Auschwitz is an eerie place, but being there today in the cold, still, foggy conditions made the realities of its use during WWII so much more confronting. As I stood there rugged up with thermals, 3 jumpers, scarf, gloves and thermal woollen socks in my sturdy shoes, still shivering, I couldn’t help but think of those forced to work in similar weather conditions with nothing more than prison pyjamas and bare feet. As we walked though a remaining barrack at Birkenau that had housed hundreds of women in cramped and uncomfortable bunks, it made our race each morning for a good seat on the tour bus seems ridiculous, when all 50 of us would have been housed in just over 6 bunks. And as I looked at what little remained I was reminded that we as humans know when we are doing something wrong… we cover our tracks, we blow things up so they can’t be identified, burn things down and remove the evidence… we know… they knew.
I think the thing I have been finding most confronting particularly about WWII is lies the Jewish people were told constantly and despite the fact that so many never returned, so many still came with hope. Hope that they were in fact going to a better place, hope that work would set them free, hope that they would live, despite what they had heard and could see. They came under the lies of resettlement, bringing their best belongings. They were told they would live in rooms complete with twin chimneys – stoves for heat and cooking, stoves that were never used. The were told they could stay with their children as they were washed, only to have their dignity stolen as they stripped down and then held the hands of their loved ones as they died together. Only to have their belongings sorted, donated or sold. Only to be exploited even in death.

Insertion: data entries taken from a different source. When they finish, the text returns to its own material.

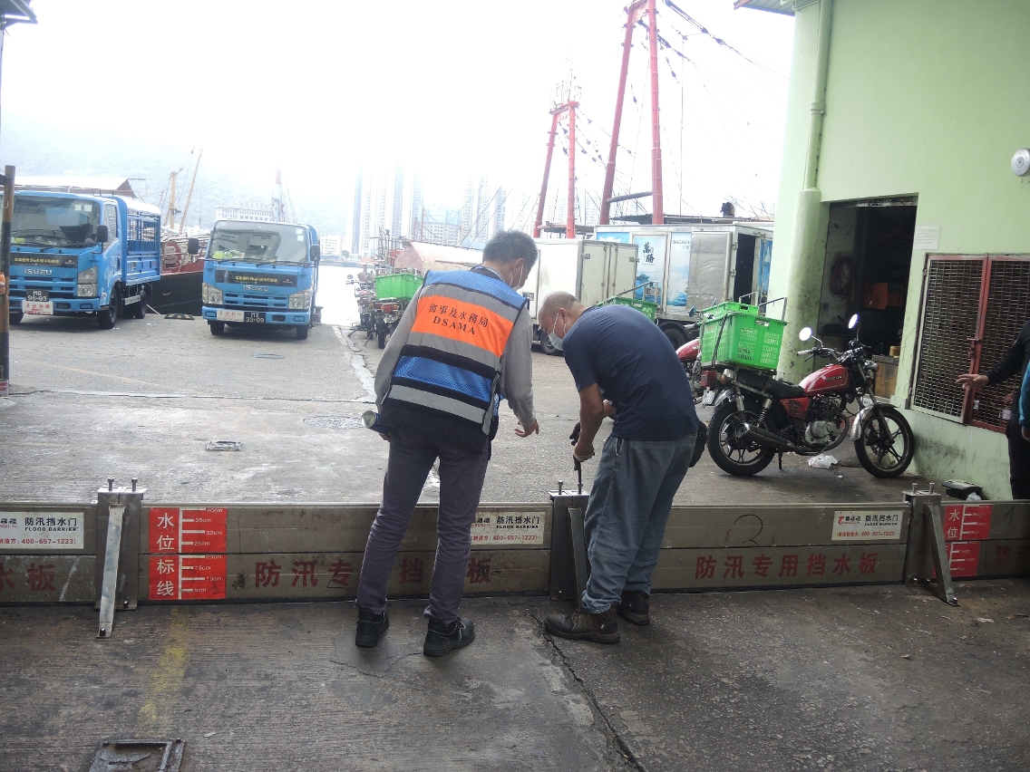为配合内港临时防洪工程之实施,海事局已与内港各码头建立完善的预警紧急通报机制。当气象局发出黄色或以上的风暴潮警告,海事局会通知内港码头安装防水旱闸挡水板。
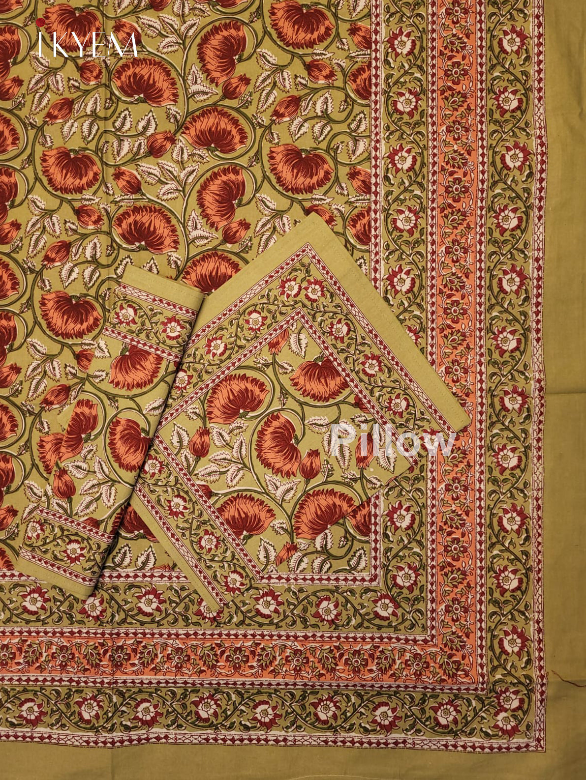 Experience the pinnacle of comfort and elegance with our Green & Red Jaipuri Printed Bedspread, complete with two matching pillow covers. Adorned with stunning floral designs and vibrant hues, this bedspread is crafted from high-quality cotton for the ultimate combination of style and coziness
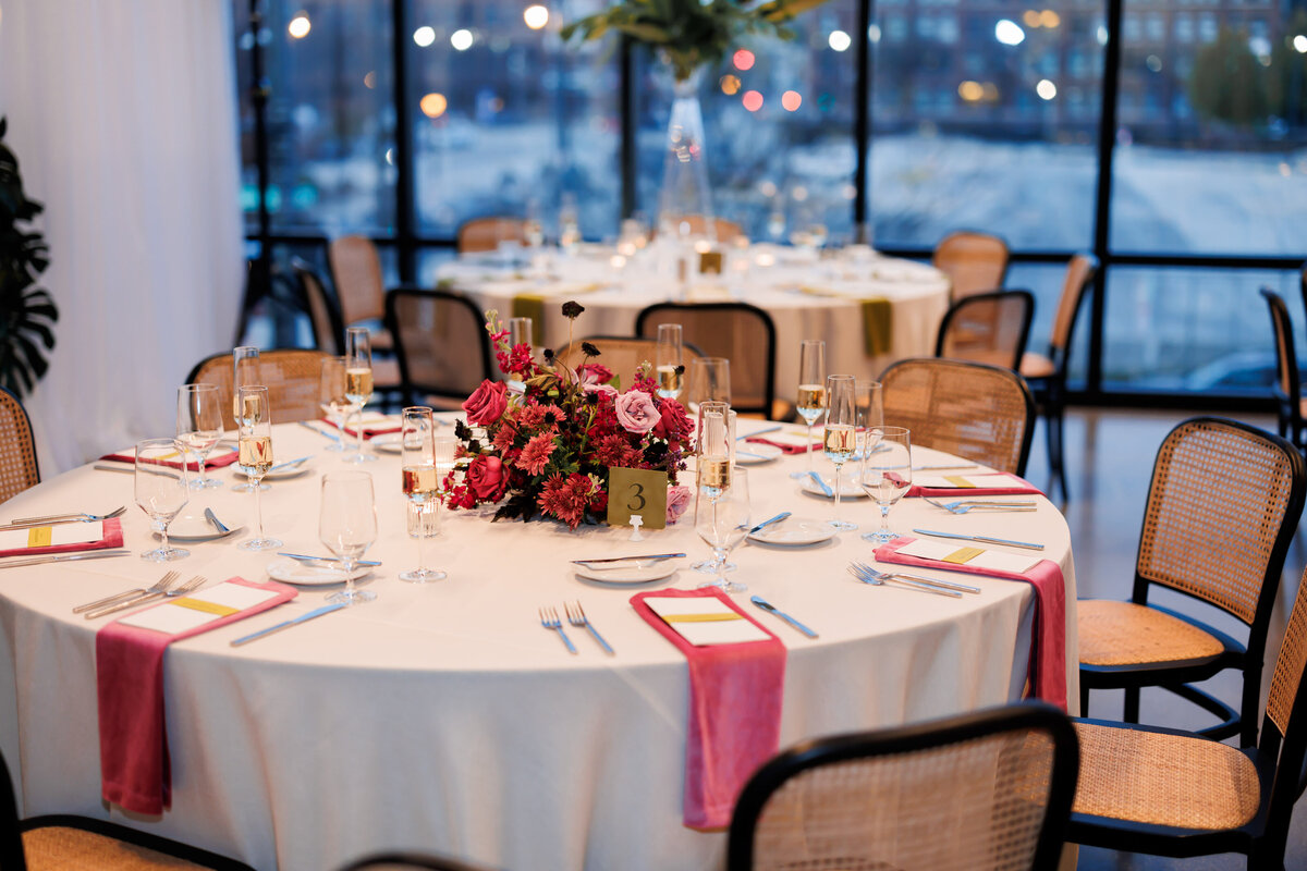 From the moment guests entered, it was clear this celebration was in a world of its own. The ceremony space, set against sweeping views of the Milwaukee skyline, featured a vivid fuchsia arch bursting with fluffy bougainvillea blooms and arrangements that seemed to grow organically from the floor. It was a feast of monochromatic color blocking.

It’s hard to believe that it isn’t just some horrible story. That this actually happened… and that despite it’s warning not to let it happen again that mass killings and genocide seem to continue with uncomfortable frequency.
There was a quote in the doorway that said:
“Those who do not remember the past are condemned to repeat it”
George Santayana
And I think we forget too often… I hope that I never forget the things that I have seen today… that I never gloss over a past this horrific. But more than anything I really do hope it stops repeating.